On Sunday, American unmanned aircraft fired missiles into a compound of suspected militants in North Waziristan Agency, killing a senior al Qaeda leader.

Muhammad Ahmed al Mansoor was among four suspected militants killed in the drone strike that took place in Tabai, a village in the Ghulam Khan tehsil of North Waziristan, tribal sources told The Express Tribune.

Tabai village is said to be a hideout for militants belonging to several groups, including those from the faction of Pakistani Taliban commander Hafiz Gul Bahadur and the Haqqani network which, US officials, have blamed for some of the deadliest attacks in Afghanistan.

The drones fired four missiles at a house with al Mansoor inside, destroying two rooms and a car, tribal sources said. Residents saw four drones flying over the area during the attack. Tribal sources added that three other fatalities were family members of al Mansoor.

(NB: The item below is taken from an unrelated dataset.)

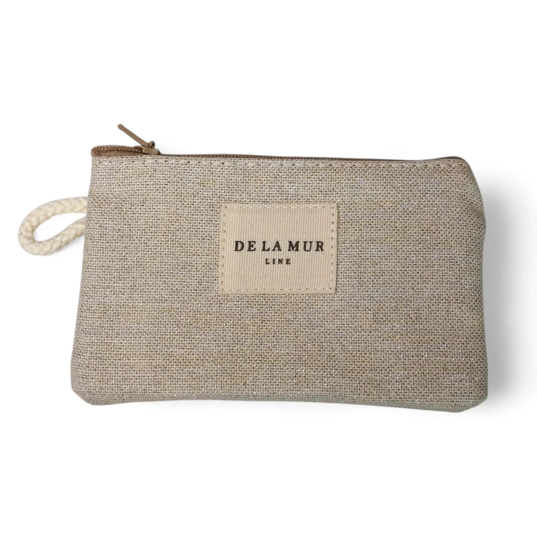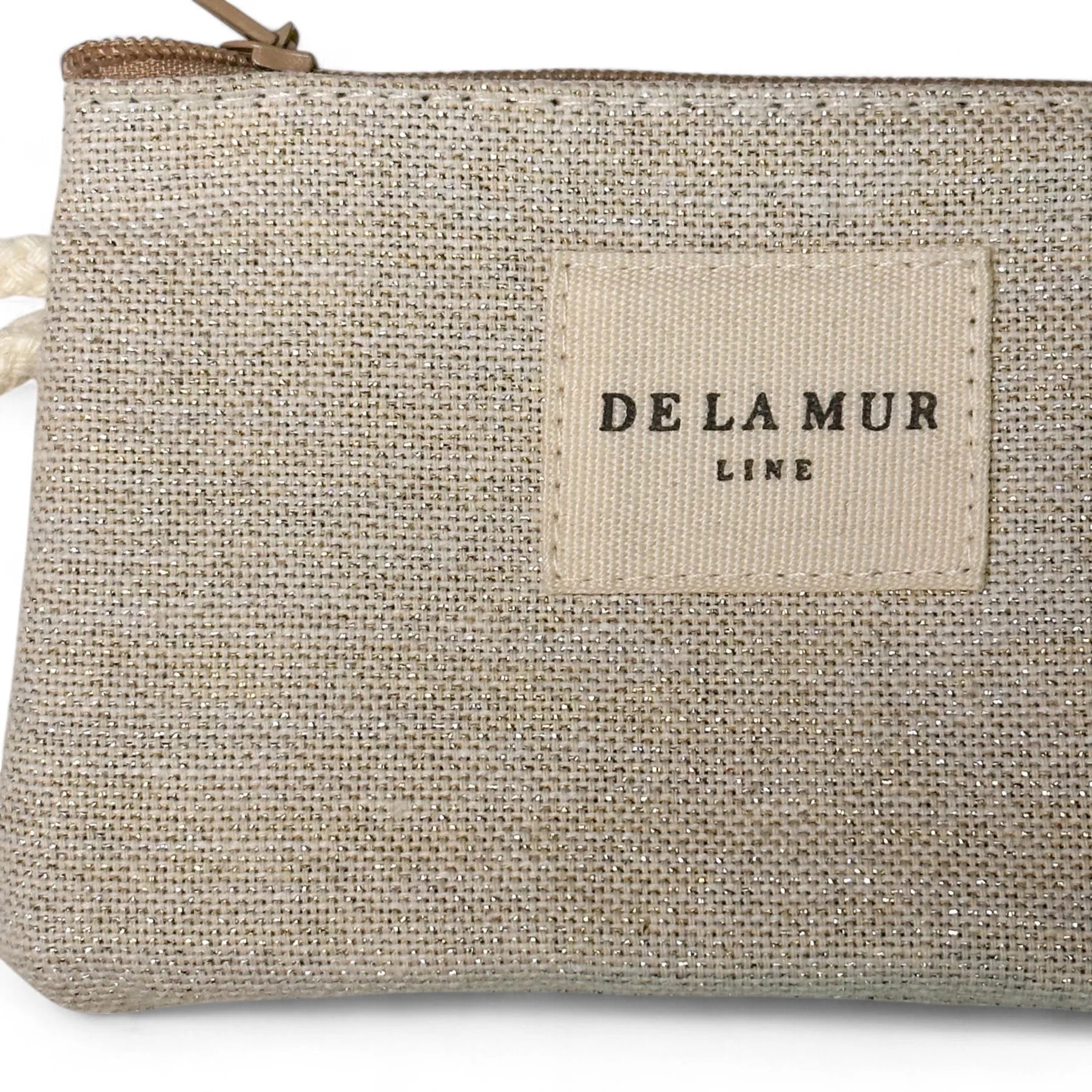 Monedero con cremallera en la parte superior y pequeña asa de cordón de color crudo en el lateral. Con tejido fino de half-panama de color beige con lurex brillante dorado y plateado. Cada articulo puede tener una variación en el estampado, dependiendo de donde se haya efectuado el corte de la pieza. Forrado de tejido grueso de color gris en la parte interior. Para su correcto mantenimiento se aconseja lavarlo en frío a mano y no utilizar secadora.

Intelligence officials confirmed the attack and the death toll but said the identity of those killed was not immediately known. They, however, confirmed that a foreign national was among the fatalities. The targeted compound was frequented by the Punjabi Taliban, a security official told The Express Tribune. The dead were charred beyond recognition, he added.

If officially confirmed, al Mansoor will be the second al Qaeda leader to be killed in drone strikes in three days. A similar attack on Thursday, also in North Waziristan, killed another senior al Qaeda commander, Abu Zaid, who replaced Abu Yahya al Libi as one of the group’s most powerful figures, intelligence sources said.

A US drone attack also killed al Libi in June.

Tribal sources

The contentious drone campaign has crushed al Qaeda’s network in the tribal belt but have drawn trenchant criticism in Pakistan and the United States. Islamabad says drone strikes violate its sovereignty and fan anti-US sentiment, but American officials are said to believe they are too important to give up.

Casualty figures are difficult to obtain. A report commissioned by legal lobby group Reprieve in September estimated that between 474 and 881 civilians were among 2,562 to 3,325 people killed by drones in Pakistan between June 2004 and September 2012. (With additional input from Wires)

Published in The Express Tribune, December 10th, 2012.